Everyone, thanks for all the advice and guidance. VERY much appreciated. In following up on resetting the ground, I discovered that the frame is occasionally now at 12v! I’m starting another thread titled “Body frame intermittently at 12 volts” with additional details.

No need for a new thread…The solution to your problem has been answered here…

I’m desperately trying to understand this, and would greatly appreciate pointers to any car electrical/wiring tutorials or books that would address issues like this; the only information that I have been able to find on-line is very basic info.

The original symptom was that when I tried to engage the starter, all electrical components shut down. Everything.

I have confirmed that the engine, frame and body are all connected, using the resistance setting of an analog multimeter (old school here in that mine is analog and not digital), showing near zero resistance. I also verified that the wire that connects the neg bat post to the body is good in that it has zero resistance. However, when I check the negative battery post against the frame or engine (when it is connected), there is a voltage potential from there to the post, except when I have a separate direct connection from the post to the engine/frame (accomplished with a jumper cable). How is that possible? I’m obviously missing something. By my thinking, if there is a potential when not connected, there would be current flowing when connected.

Oh, and when the system is in a “state-of-failure” and the negative battery cable is disconnected, there is ~ a 10 v potential from the frame to that negative battery post. However, when the system is re-set (i.e. I get dash board lights on) there is no potential from the frame to the battery post (as I would expect).

When you engage the starter, all electrical components shut down because they are supposed to. The ignition switch cuts out every circuit that goes through it except for the starter. A few things, like headlights get power because the ignition switch is not in their circuit.

To understand what is going on when you disconnect the negative battery terminal, you need to understand voltage dividers. I do not want to take up a whole lot of this websites capacity to explain that so I suggest hat you got to the website www.allaboutcircuits.com. Volume 1, chapter 6 will explain, but you may need to read chapters 1, 2 and 5 to fully understand chapter 6 which is on Kirchhoff’s Law. Concentrate on series circuits and Kirchhoff’s Voltage Law.

Heres a link to get you started.

http://www.allaboutcircuits.com/vol_1/

The short answer here is that it looks like you need a new negative battery cable.
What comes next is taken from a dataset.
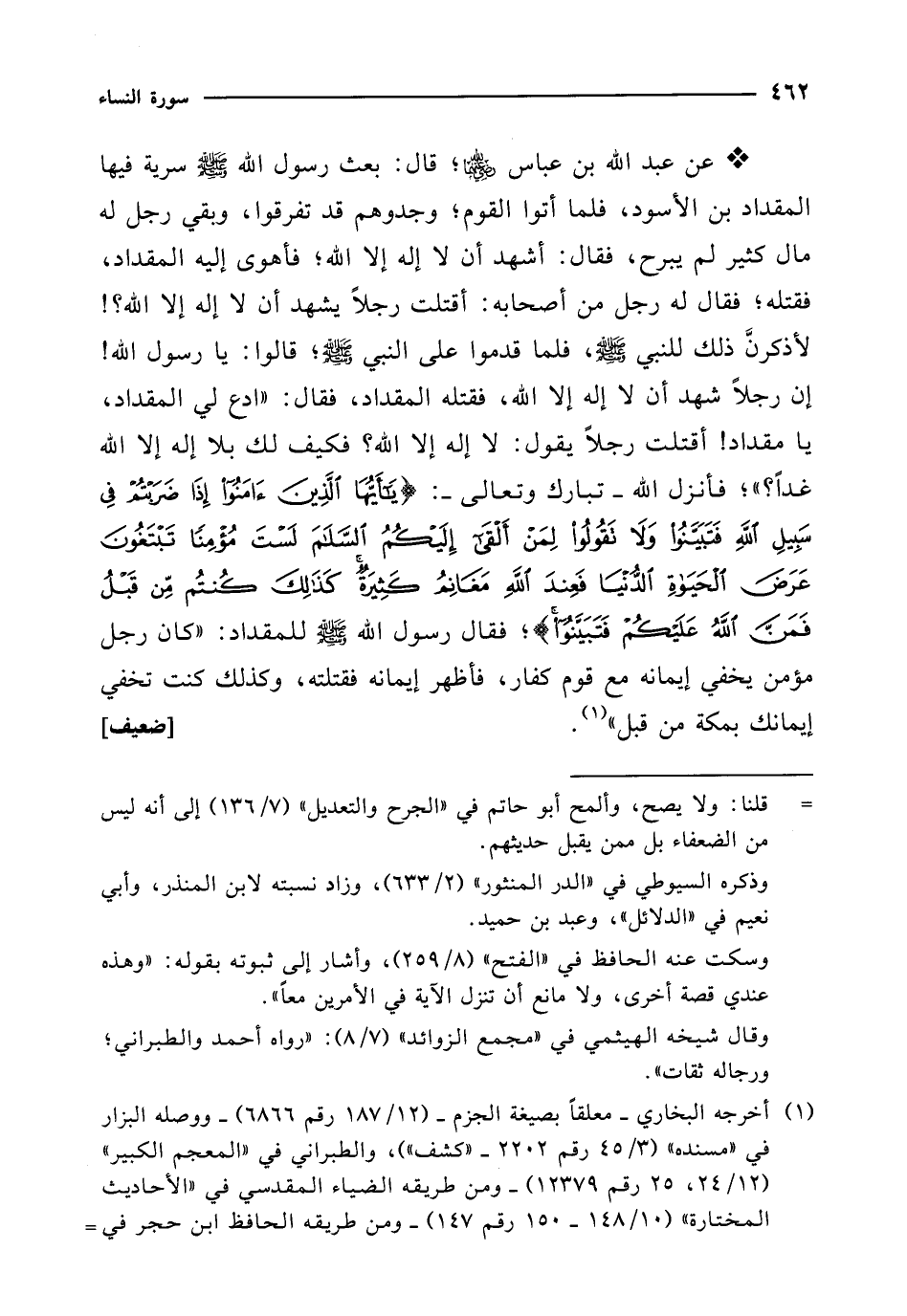 * عن عبد الله بن عباس -رضي الله عنهما-؛ قال: بعث رسول الله - صلى الله عليه وسلم - سرية فيها المقداد بن الأسود، فلما أتوا القوم؛ وجدوهم قد تفرقوا، وبقي رجل له مال كثير لم يبرح، فقال: أشهد أن لا إله إلا الله؛ فأهوى إليه المقداد، فقتله؛ فقال له رجل من أصحابه: أقتلت رجلاً يشهد أن لا إله إلا الله؟! لأذكرنَّ ذلك للنبي - صلى الله عليه وسلم -، فلما قدموا على النبي - صلى الله عليه وسلم -؛ قالوا: يا رسول الله! إن رجلاً شهد أن لا إله إلا الله، فقتله المقداد، فقال: "ادع لي المقداد، يا مقداد! أقتلت رجلاً يقول: لا إله إلا الله؟ فكيف لك بلا إله إلا الله غداً؟ "؛ فأنزل الله -تبارك وتعالى-: {يَاأَيُّهَا الَّذِينَ آمَنُوا إِذَا ضَرَبْتُمْ فِي سَبِيلِ اللَّهِ فَتَبَيَّنُوا وَلَا تَقُولُوا لِمَنْ أَلْقَى إِلَيْكُمُ السَّلَامَ لَسْتَ مُؤْمِنًا تَبْتَغُونَ عَرَضَ الْحَيَاةِ الدُّنْيَا فَعِنْدَ اللَّهِ مَغَانِمُ كَثِيرَةٌ كَذَلِكَ كُنْتُمْ مِنْ قَبْلُ فَمَنَّ اللَّهُ عَلَيْكُمْ فَتَبَيَّنُوا}؛ فقال رسول الله - صلى الله عليه وسلم - للمقداد: "كان رجل مؤمن يخفي إيمانه مع قوم كفار، فأظهر إيمانه فقتلته، وكذلك كنت تخفي إيمانك بمكة من قبل" (¬1). [ضعيف]

If the starter won’t work with the cable hooked up but does work when you add a jumper, then there is either an issue with the cable or the battery. If this is a factory cable with molded ends, the problem could be inside the terminal at the battery end where the cable does not make a good contact with the terminal, inside where you can’t see it.
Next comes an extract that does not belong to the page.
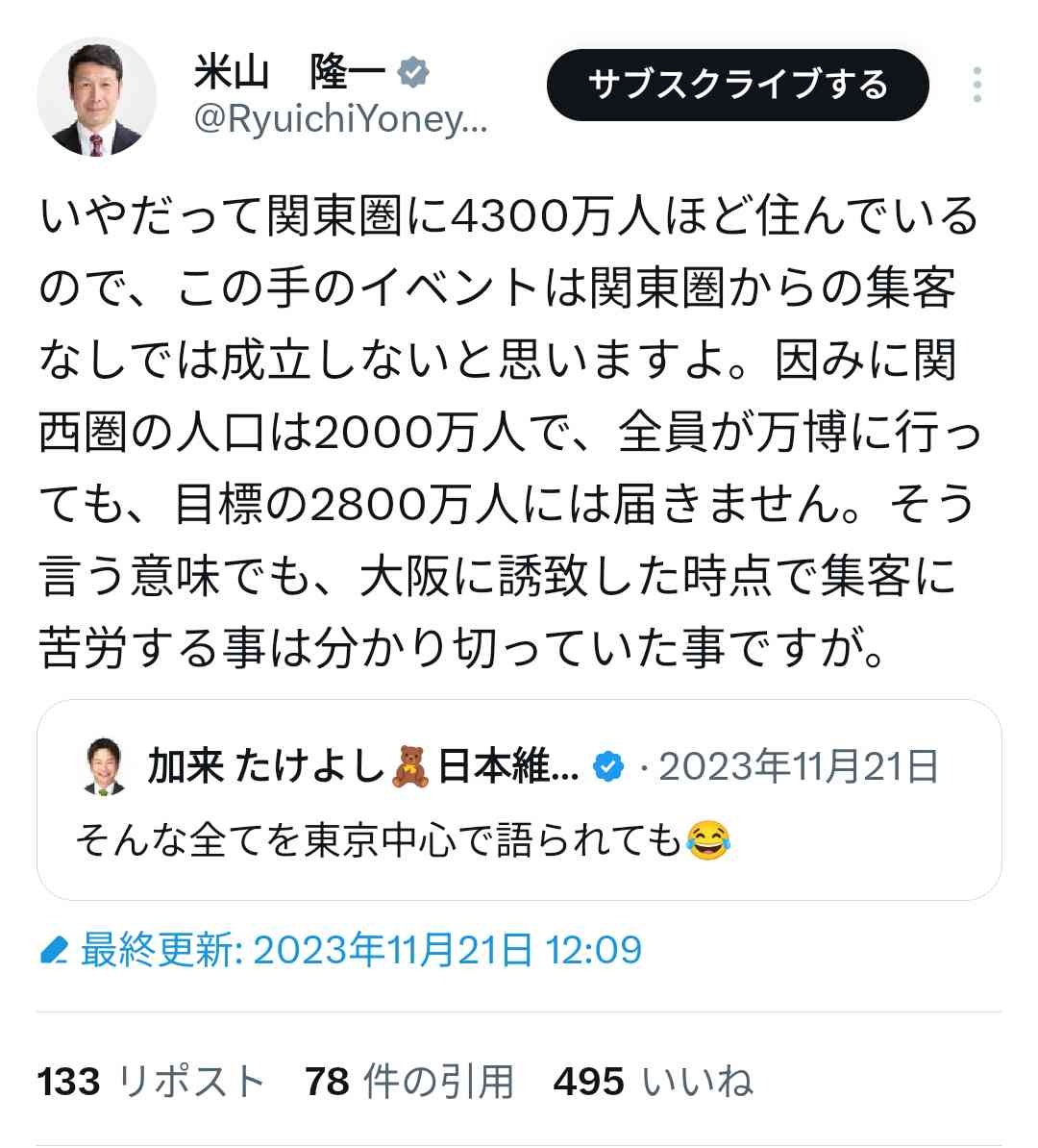 去年の論破王米山「関西人が全員万博見に行っても2000万人です、このイベントは成立しません。左様なら」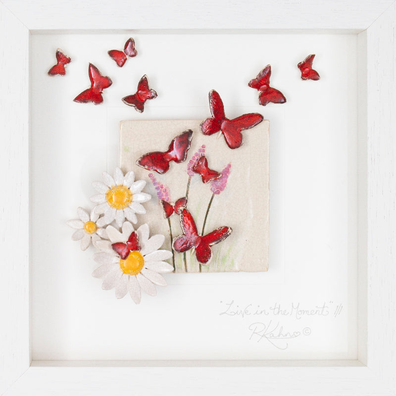 Feminine, lavender with delicate wild daisies in a wild flower meadow array of stunning rich red butterflies in this piece portraying a wonderful message, 'Live in the Moment'. Sometimes we all need to just stop and take in all the natural beauty around us... Why not pair it with another piece? CLICK HERE to see our favourite suggestion!

When you put an ohmmeter on it, you are only passing a tiny amount of current, a few milliamps. Even a tiny contact area will give you a low resistance reading, but when you try to pass several hundred amps through that small connection, the resistance goes way up and the voltage drop across the connection also goes way up.

There is a small possibility that the issue is in the battery and the jumper cable has nothing to do with it. You first try to start, nothing happens, but inside the battery, there is activity that starts heating things up. By the time you connect the jumper cable, the battery has heated up enough to start working anyway and would have started the vehicle even if you didn’t hook up the jumper cable. Tiny possibility but still possible none the less.